🔗 The decline of the user interface
infoworld.com
When we first got the personal computer, we didn't worry much about how things worked. We were, frankly, stunned that we even had such a thing. You had to learn some arcane lingo to type into a DOS prompt. That the computer might be difficult or awkward to use didn't occur to us. But things gradually got more sophisticated, and when the original Macintosh came out with its powerful graphical user interface, we started realizing that the process of interacting with a computer could matter to us.
Software developers started having to think not only about how the program was going to get the job done, but also about how the user was going to interact with the program to get the job done. It became clear that a good user interface was something that would sell more software. If it were easy and intuitive to interact with an application, then users could get more done and would love the application.
Standardization was the first step. One of the things that the Macintosh, and later Windows, did was to make a lot of the computer interactions we take for granted today "normal." The File menu, with options like New, Open, Save, and Exit, became commonplace.
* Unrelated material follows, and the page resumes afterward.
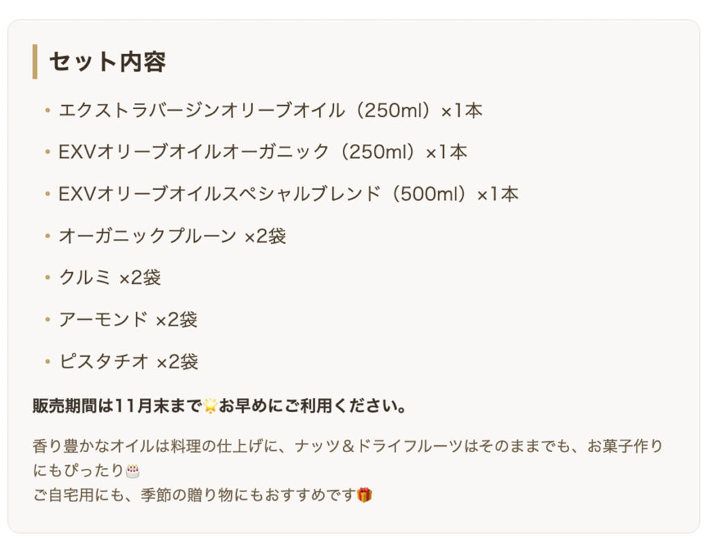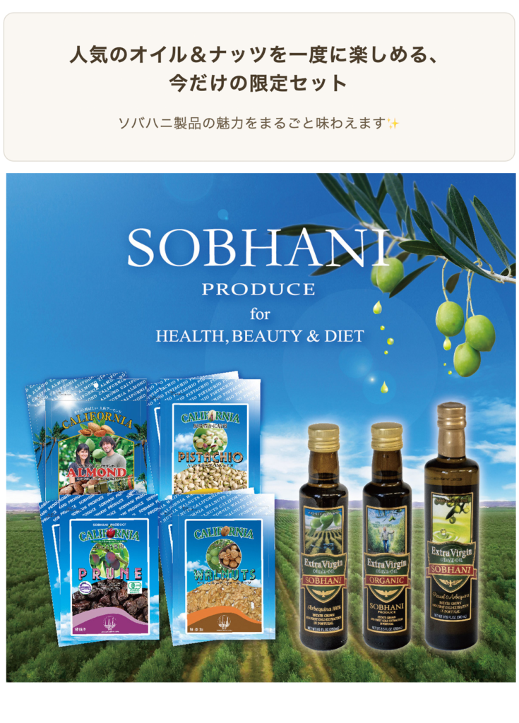 受信メール設定のお願い SOBHANI製品いろいろ詰め合せセット 15,000円(税込)入荷待ち予約受付中 セット内容 ・エクストラバージンオリーブオイル(250ml)×1本 ・EXVオリーブオイルオーガニック(250ml)×1本 ・EXVオリーブオイルスペシャルブレンド(500ml)×1本 ・オーガニックプルーン ×2袋 ・クルミ ×2袋 ・アーモンド ×2袋 ・ピスタチオ ×2袋 販売期間:11月末まで 購入数: 予約販売について クーポンコードの利用方法 特定商取引法に基づく表記(返品等) この商品について問い合わせる 買い物を続ける ツイート ページトップへ戻る△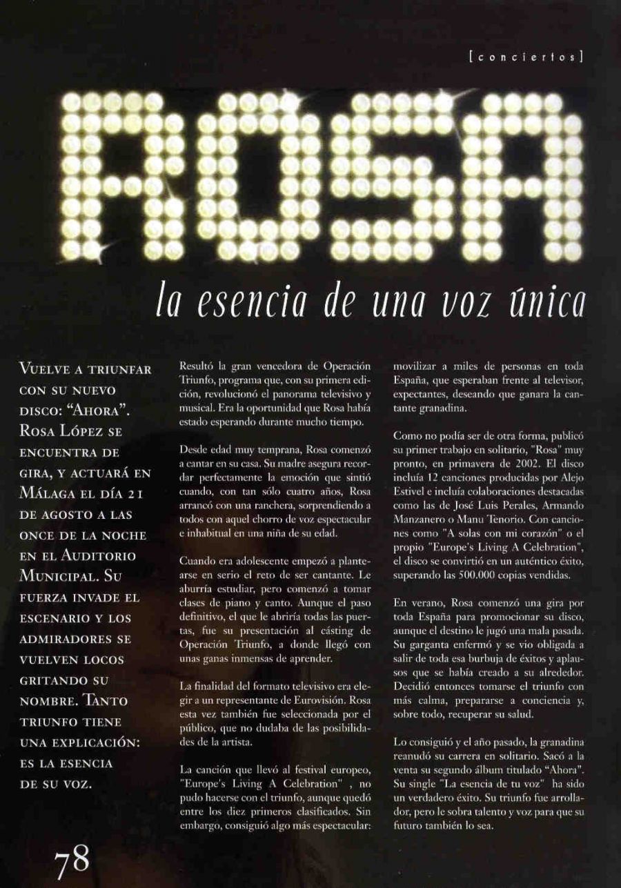 Rosa, la esencia de una voz únicaFeria de Málaga01/08/2004Escaneada por Rosamania

Dialog boxes had Ok and Cancel buttons, and all of these things did what they were expected to do.
This idea culminated in a seminal book by Alan Cooper, et. al., called About Face: The Essentials of Interaction Design, which codified and explained many of the design patterns that computer users have come to expect, as well as blazing a trail for new ideas that made human interaction with computers work better.
Sadly, everywhere you go on the web these days you can see that these very useful, helpful notions are being lost.